June 18, 2010

Toughest question for mommy

I'm staring down one of the toughest questions I can fathom hearing from a daughter (or a son, once boys realize they're getting short changed).  She's asked it several times in a variety of ways and I answer in short, vague snip-its, just praying she doesn't ask again until I have a better answer for her.  How can I stay home with my kids and have a career?  That's what she wants to know.

I have a brilliant daughter who has dreams of talking the Russians into sending her to live on the space station since Obama just sent his last crew and she missed the opportunity to go with the Americans (it's so unfair that they never consider 6 year olds for the job!)  She wants to be the one to finally find space bacteria.  Sounds great, right?
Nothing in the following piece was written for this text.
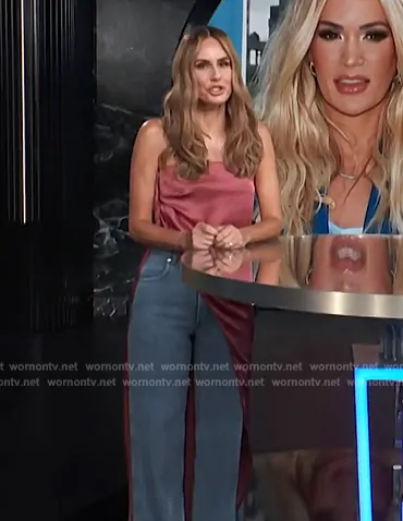 Keltie Knight on E! News on E! was spotted wearing this pink strapless asymmetric top on E! News on Oct 03 2024's episode. Keltie's Top is the Lido strapless asymmetric satin top by Rick Owens.
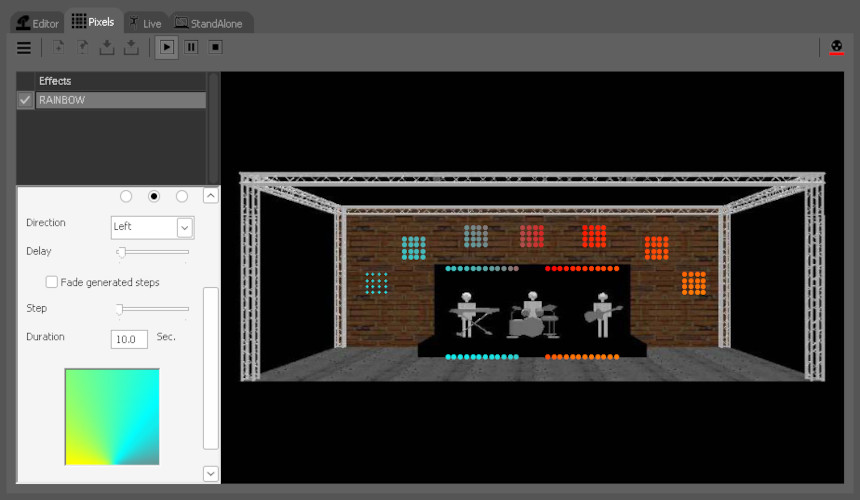 Create rainbow, scrolling text, or animated image effects and apply them across multiple fixtures.

But she also loves home schooling and says she wants her kids to be home schooled too.  She asked me how she's going to be able to home school her kids and fly into space.  She asked if I'd do it for her.  I politely declined the honor and for now we've entertained the notion that she'll be the first woman to get to take her whole family into space with her and they'll learn all the need to know about math and science out there on the job.  But how long will she believe that?

Once she asked if she really needed to go to college if she was just going to stay home and be with her kids.  I told her that there's no way to know what she'll want to do when she grows up and she needs to make sure she doesn't limit her options by deciding too early that she doesn't need to get an education. Luckily she quickly goes back to her space dreams and declares her mission to be the most over-educated woman alive.

The question of "can I really have it all?" probably started when the first person left home to make money or trade goods.  It's a question that seemed to get tied to women during the whole women's lib thing.  But now I am hearing a few men here and there ask, "Why can't I stay home with my kids?"  If men and women are equal, why do we assume that the women get to stay home?  Don't get me wrong.  I'm glad I get to be the one!  I can't imagine having to head off to work every day and miss out on all the things the kids say and do.  I doubt that being a man makes that act an easier.

But it seems true that you can't have it all.  I am so glad I went to college even though I'm not earning money with my degree, but that seems like an insufficient answer.  That's where I met Joe and we began our lives together, but the idea of going to college to find a husband makes me want to throw up.  I think college is important.  Knowledge is important.  You'll use knowledge even if it's only imparted on your gaggle of kids and not earning you 6 figures.  But I wish I had an even better answer. 

I  guess I wish I could look at her and tell her, without lying, that yes, there is a way to have it all.  You can walk on the moon and never miss a minute of your childrens' lives.  But I can't.  It breaks my heart that someday she'll have to choose between such exciting options.